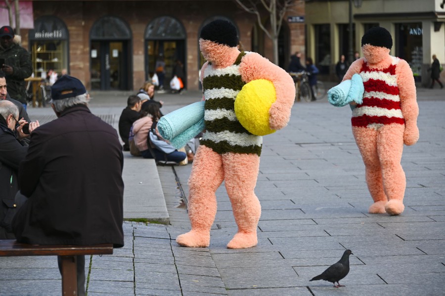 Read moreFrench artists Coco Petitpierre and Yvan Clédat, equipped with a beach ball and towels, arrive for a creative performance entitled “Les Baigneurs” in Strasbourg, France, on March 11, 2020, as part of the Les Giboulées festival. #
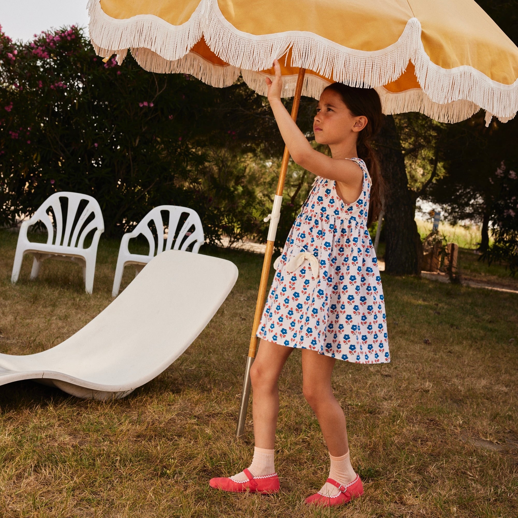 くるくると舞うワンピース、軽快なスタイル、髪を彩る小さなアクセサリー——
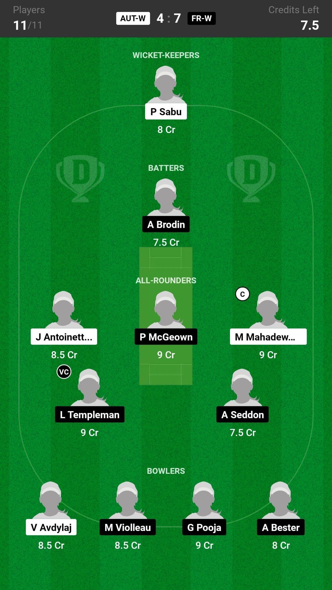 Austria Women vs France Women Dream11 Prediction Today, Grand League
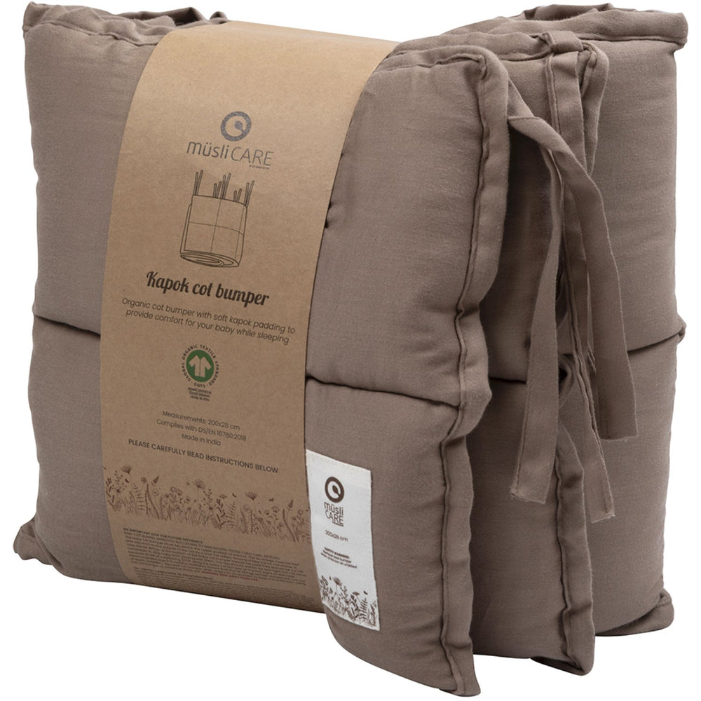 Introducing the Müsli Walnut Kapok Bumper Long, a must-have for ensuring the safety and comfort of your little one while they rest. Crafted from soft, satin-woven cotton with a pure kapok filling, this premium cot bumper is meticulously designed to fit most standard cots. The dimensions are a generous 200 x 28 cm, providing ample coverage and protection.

════════════════════

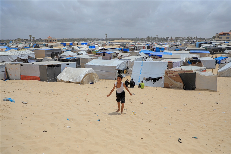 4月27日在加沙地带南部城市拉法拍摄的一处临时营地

════════════════════

** What to produce **
Skip every picture, and restate word for word only the lines above from the line containing "Austria Women vs" to the line containing "Introducing the Müsli", both of them included.

** Result of this task **
 Austria Women vs France Women Dream11 Prediction Today, Grand League
 Introducing the Müsli Walnut Kapok Bumper Long, a must-have for ensuring the safety and comfort of your little one while they rest. Crafted from soft, satin-woven cotton with a pure kapok filling, this premium cot bumper is meticulously designed to fit most standard cots. The dimensions are a generous 200 x 28 cm, providing ample coverage and protection.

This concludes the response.